Research on learning in deep networks has led to impressive performance by machines on tasks such as recognition in many domains. Theoretical studies such as those in this unit help us to better understand the behavior of these networks, why they perform so well, what are their limitations, and what fundamental questions remain to be answered.
Terrence Sejnowski reflects on the historical evolution of deep learning in Artificial Intelligence, from perceptrons to deep neural networks that play Go, detect thermal updrafts, control a social robot, and analyze complex neural data using methods that are revolutionizing neuroscience.
The reasons for why deep learning works well for tasks such as recognition remain a mystery. Tomaso Poggio first uses approximation theory to formalize when and why deep networks are better than shallow networks, then draws on optimization theory to determine where complexity control lies in deep networks, and finally considers classical and modern regimes in learning theory and provides new foundations.
The study of deep learning lies at the intersection between AI and machine learning, physics, and neuroscience. Max Tegmark explores connections between physics and deep learning that can yield important insights about the theory and behavior of deep neural networks, such as their expressibility, efficiency, learnability, and robustness.
Haim Sompolinsky introduces neural representations of object manifolds, the problem of manifold classification, and properties of manifold geometry. He then describes applications to visual object manifolds in deep convolutional neural networks, applications to neural data, and few shot learning of objects.

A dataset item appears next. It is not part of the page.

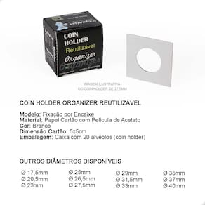 O Coins Holder Reutilizável é uma importante ferramenta para armazenar e proteger suas Moedas. É um produto utilizado por colecionadores e coleções de todos os níveis: do iniciante ao avançado. Garante o bom armazenamento e proteção de suas peças.O Coins Holder tem como função proteger sua moeda:- evita o contato com o ambiente externo- evita o manuseio incorreto da peça (sem luvas ou com a mão suja)- facilita a exposição de sua peça na sua coleção- facilita a logística de sua peça, permitindo que você leve em eventos- excelente organizador, pois centraliza a moeda no bolso da folha, deixando sua exibição muito mais bonita, organizada e apresentávelNo critério de organização, o Coins Holder se destaca ao promover a padronização da exposição de suas moedas. Tenha uma apresentação muito mais bonita e profissional utilizando Coins Holders.CARACTERÍSTICAS:Modelo: Fixação por Encaixe (Reutilizável)Material: Papel Cartão Branco com Película de AcetatoDimensão Cartão Fechado: 5x5cmDiâmetro deste Anúncio: Ø 20,5mmEmbalagem: Caixa com 20 alvéolos (coins holder) cada caixaOBS: Isento de PVCSUGESTÃO DE ARMAZENAMENTO DO COINS HOLDER COM A MOEDAO Coins Holder pode ser armazenado em folhas próprias para coleções de Moedas respeitando o espaço mínimo de 5x5cm cada bolso onde o holder será colocado, caixas organizadoras e separadoras, estojos (cartelas dobráveis) próprios para Coins Holders.COMO UTILIZAR:1- Para utilizá-lo você deve primeiramente arrastar uma das películas de acetato para um dos dois lados do coin holder.2- Encaixe a moeda no orifício do papel.3- Reposicione a película em sua posição inicial.

Lorenzo Rosasco first introduces statistical learning from a theoretical perspective, and then describes the construction of learning algorithms that are provably efficient so that they can achieve good results with a minimal amount of computation. Finally, he presents empirical results for the case study of large-scale kernel methods.
Constantinos Daskalakis illustrates common ways that datasets constructed for training neural networks can be biased, such as censoring and truncation of data samples, giving rise to biased models. Building connections to high-dimensional probability, harmonic analysis, and optimization can lead to computationally and statistically efficient methods for solving statistical learning tasks with truncated data in a way that reduces bias.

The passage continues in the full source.